As such, a third-party consultant with heavy oil development and economics expertise is being engaged “to help conduct preliminary evaluations related to production schemes and commercialisation”.
This was announced this past week by Eco Atlantic Oil and Gas Limited—15 per cent share partner in the Orinduik block.
According to that company, JV partners are eyeing at least 22 wells in the coming year with half of those holding greater than 30 per cent chance of success.
The Orinduik JV partners are Eco Atlantic, Tullow Guyana – which is the operator with a 60 per cent stake— and Total Exploration and Production Guyana, which holds the remaining 25 per cent.
The minority partner this week in providing its most recent Unaudited Results and Corporate Update, claims to be ready to put in its US$120M share of the investments needed for this year.
It was noted too that technical and commercial evaluation work is ongoing and the company is considering alternatives for further drilling and testing and a number of development scenarios and production alternatives.
Providing an outlook for the Guyana operations, it was reported that the block operator has proposed a further fine-tuning analysis of the upper cretaceous reservoirs, and the operator has announced a plan to incorporate the Carapa well data into Orinduik’s existing geological models and technical analysis over the coming period.

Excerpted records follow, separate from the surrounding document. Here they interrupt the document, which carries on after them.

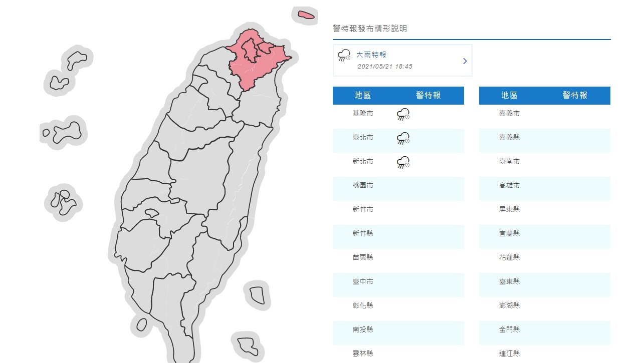 大雨特報地區包含基隆市、台北市及新北市。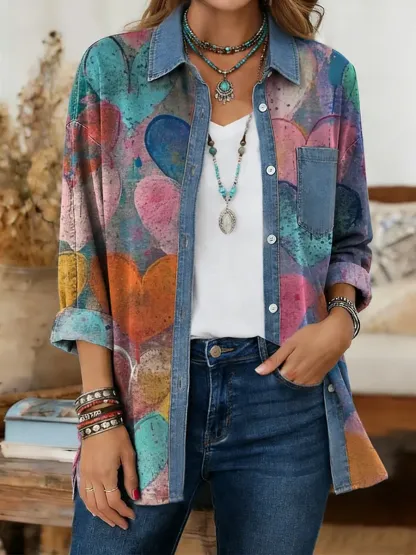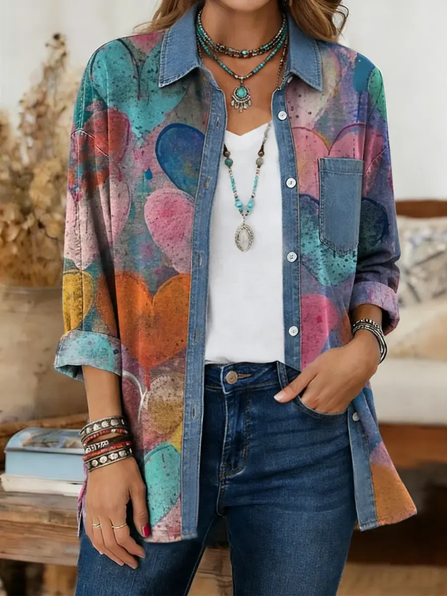 Women's Oil Painting Style Colorful Floral Art Print Casual Denim Patchwork Cotton Shirt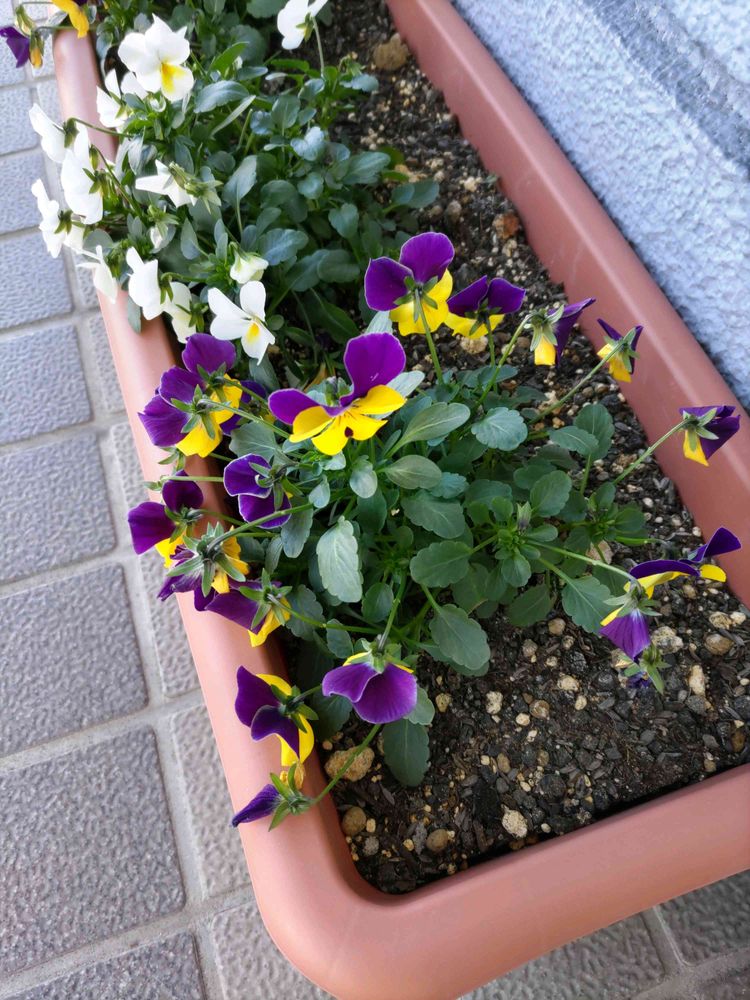 郵便局入口のビオラたちが、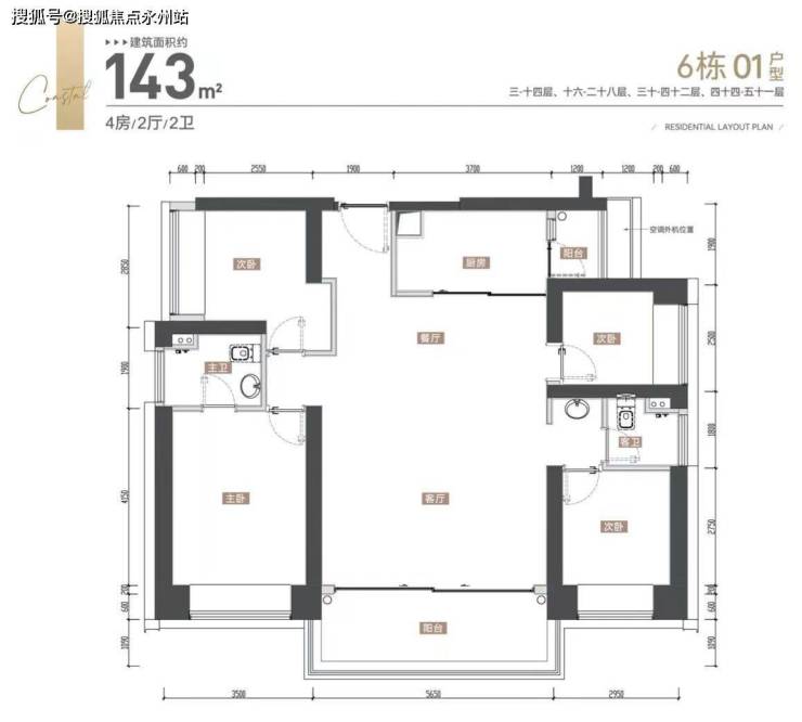 6栋为3T3户,1条腿为143㎡4房2卫,朝西南;两条腿为189㎡4房3卫,朝东北;整个3户视野都无遮挡。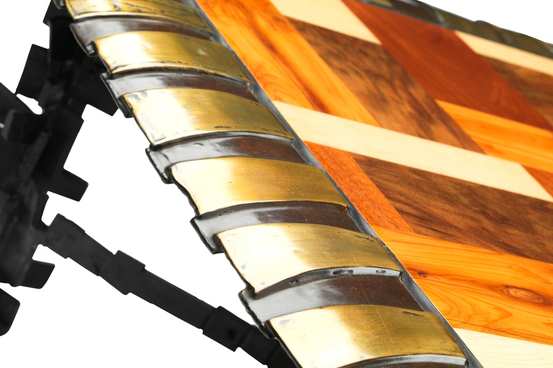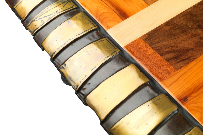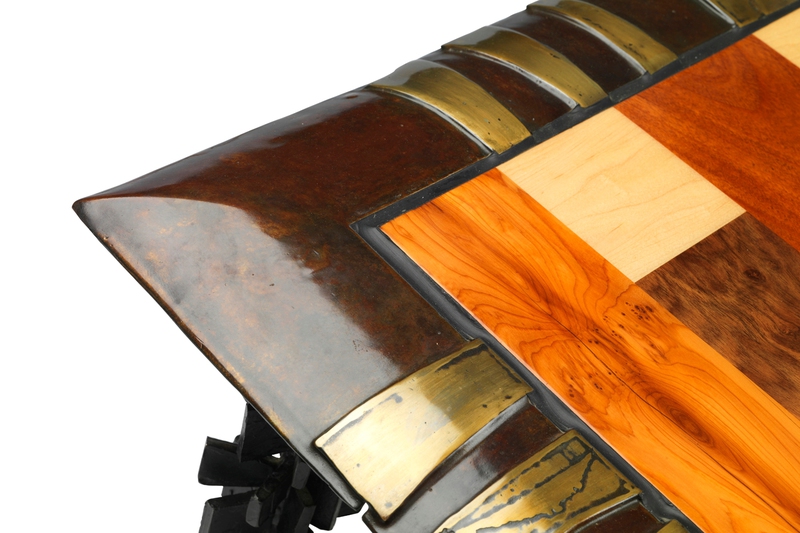 Stretching the use of bronze as a medium this table uses lost wax casting and the wooden top comprises four hardwoods - mahogany, maple, yew and walnut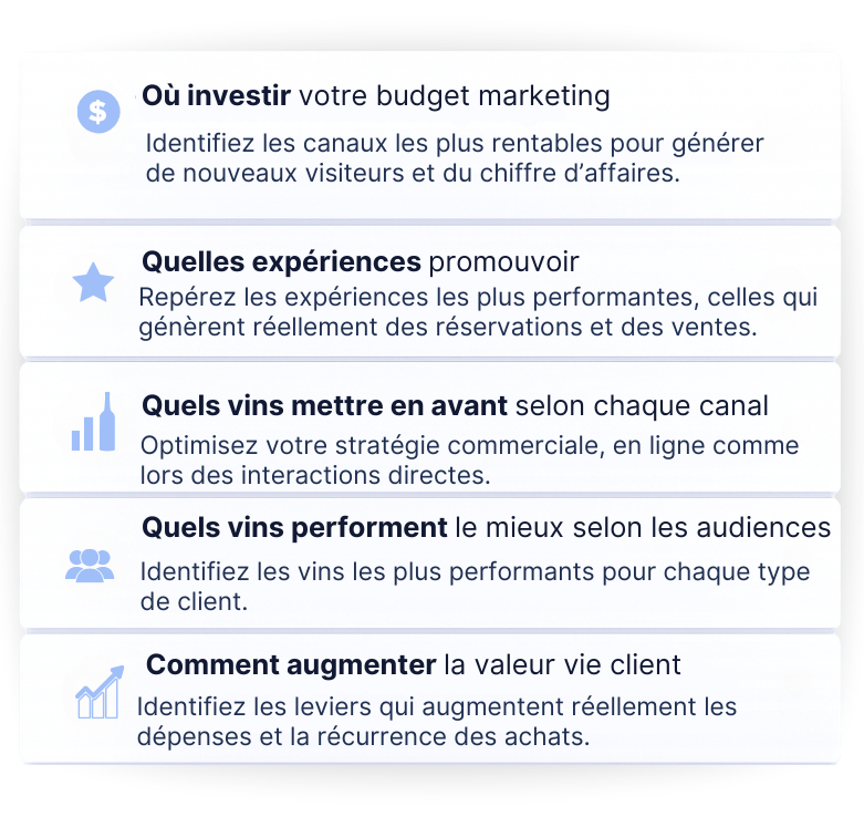 Vintrail transforme chaque interaction, visites, achats, adhésions, partenaires, en insights clairs et connectés.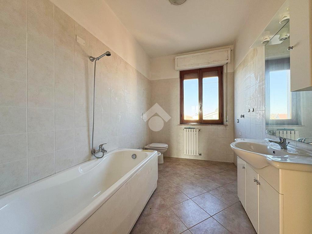 La zona notte comprende due ampie camere da letto ed una cameretta che offrono spazio sufficiente per una famiglia. Il bagno è dotato di vasca, garantendo comfort e praticità.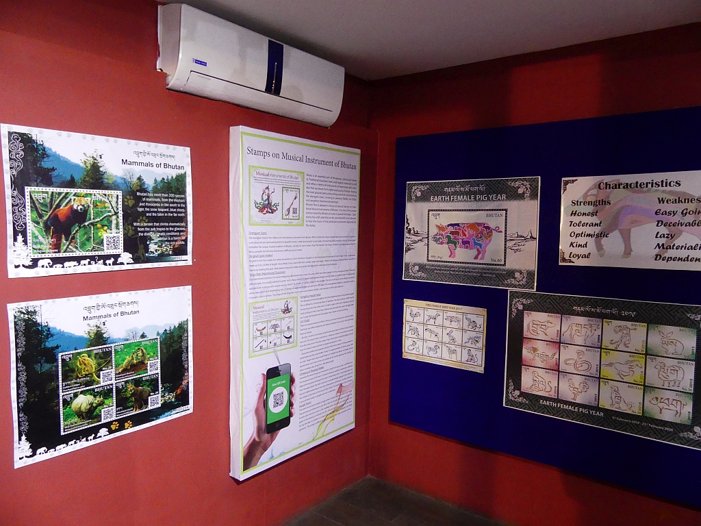 Es werden aktuelle Briefmarken Bhutans ausgestellt bzw. erklärt, was sie bedeuten oder zeigen.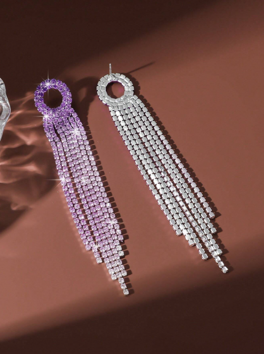 E58 Sparkle Purple Tassel Earrings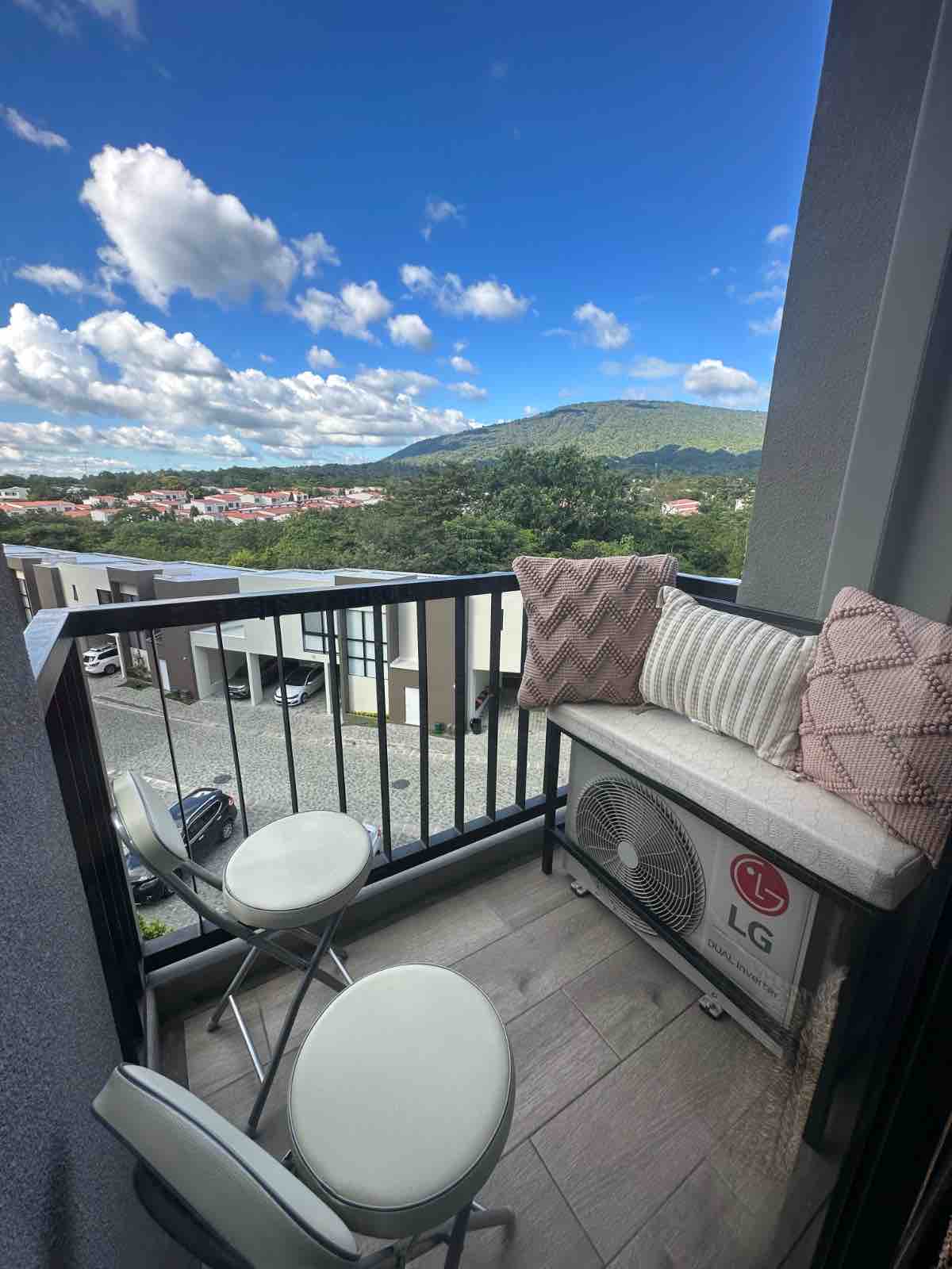 Нова квартира в сучасній вежі Санта-Текла. Повністю обладнаний, щоб забезпечити вам комфортний прийом із кондиціонером у всіх 3 кімнатах. У вежі ви матимете цілодобову охорону та помешкання, які ідеально підійдуть для коворкінгу та сімейного барбекю. Окрім тренажерного залу, даху з гарним видом на місто та доступом до двох приватних парків. Він розташований в 5-10 хвилинах від найкращих торгових центрів, в 10 хвилинах від американського посольства, в 30 хвилинах від міста серфінгу та в 20 хвилинах від вулкана Ель-Бокерон.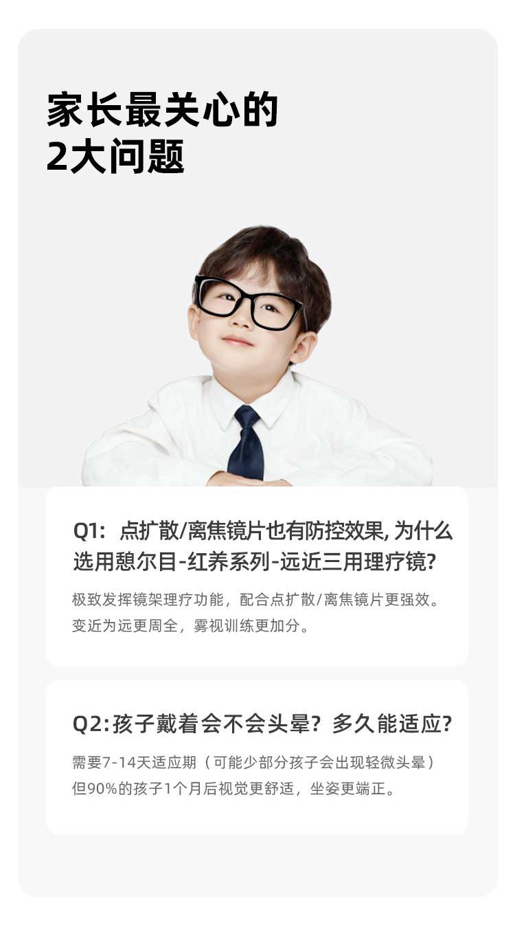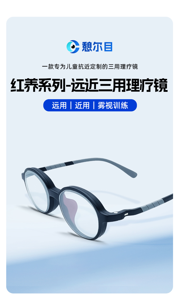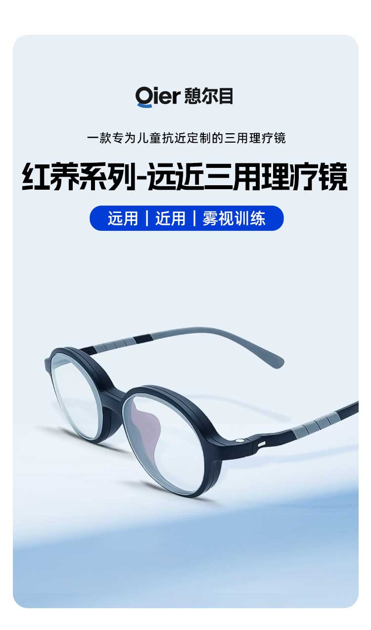 憩尔目 红养远近三用理疗镜 儿童眼镜 远用、近用、雾视训练
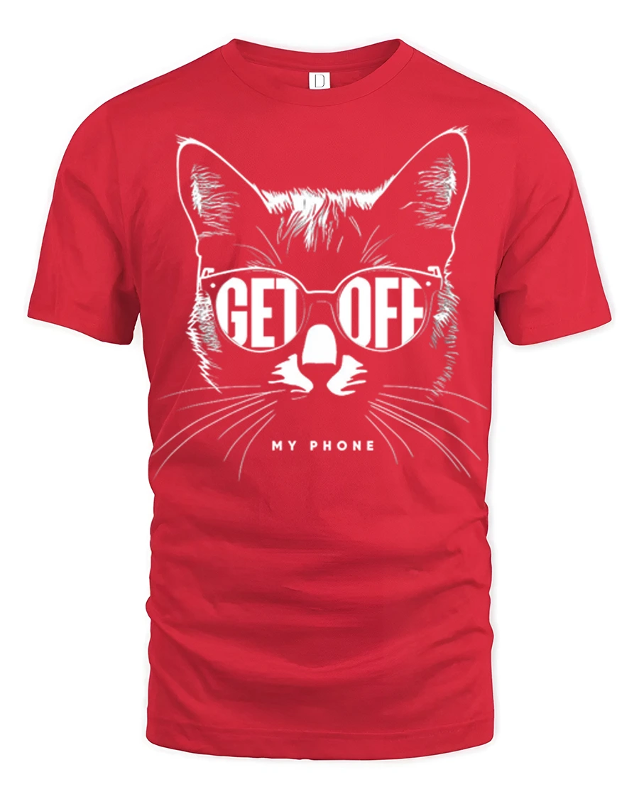 Funny Cat Get Off My Phone Graphic T Shirt Cool Cat Humor - red t-shirt on white background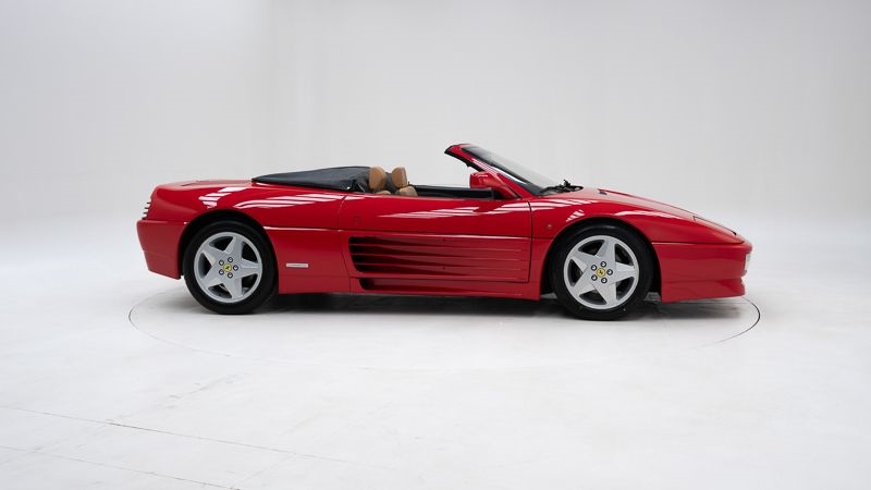 De Ferrari 348 Spider uit 1993 vertegenwoordigt een bijzonder belangrijke periode in de geschiedenis van Maranello. Als open variant van de 348-reeks werd de Spider slechts 1.146 keer gebouwd, wat hem tot het meest exclusieve model binnen de lijn maakt. De wagen geldt als één van de laatste puur analoge V8-Ferrari’s die nog onder toezicht van Enzo Ferrari werden ontwikkeld – met een transversale V8 centraal achterin, een handgeschakelde vijfversnellingsbak en een uitgesproken jaren ’90-design met Testarossa-invloeden.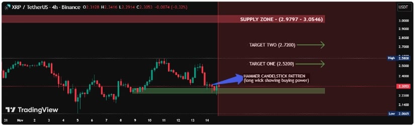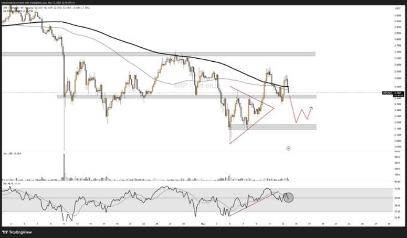 XRPは現在2.306ドル前後で取引されており、これは基本的に昨年のファッショントレンドを着ているのと同等です。しかし、ここがキッカーです。10月初旬から下降チャネルに陥っています。これは非常に典型的なパターンで、メッセージの送信をやめない元恋人のようなものです。下の境界線? 2.23 ドルから 2.30 ドルの間の需要ゾーン。ブラック フライデー セールのようにバイヤーが集まります。このゾーンが維持される場合、XRPは2.72〜2.78ドルを狙うかもしれませんが、2.23ドルを下回る場合はどうなるでしょうか?バックルを締めてジェット コースターに乗りましょう。$2.10 ~ $2.15 です。 🎢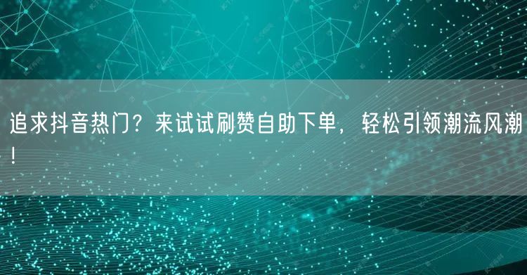 追求抖音热门?来试试刷赞自助下单,轻松引领潮流风潮!

Further, the partners are said to have a plan to integrate the discoveries at Jethro and Joe with the Carapa discovery with the rest of the regional data now available and to incorporate this data into a reprocessing of the 3D seismic already shot on Orinduik.
“The intent is to provide further definition to the Cretaceous interpretation and target selection for drilling”.
According to the company, “multiple prospects are currently being reviewed with high-graded candidates under consideration for the next drilling programme. Eco is fully-funded and is pushing to drill a minimum of at least one upper Cretaceous target as soon as practically possible for its partners”.
It was disclosed too that consideration is being given to prioritising a stacked multi-target well.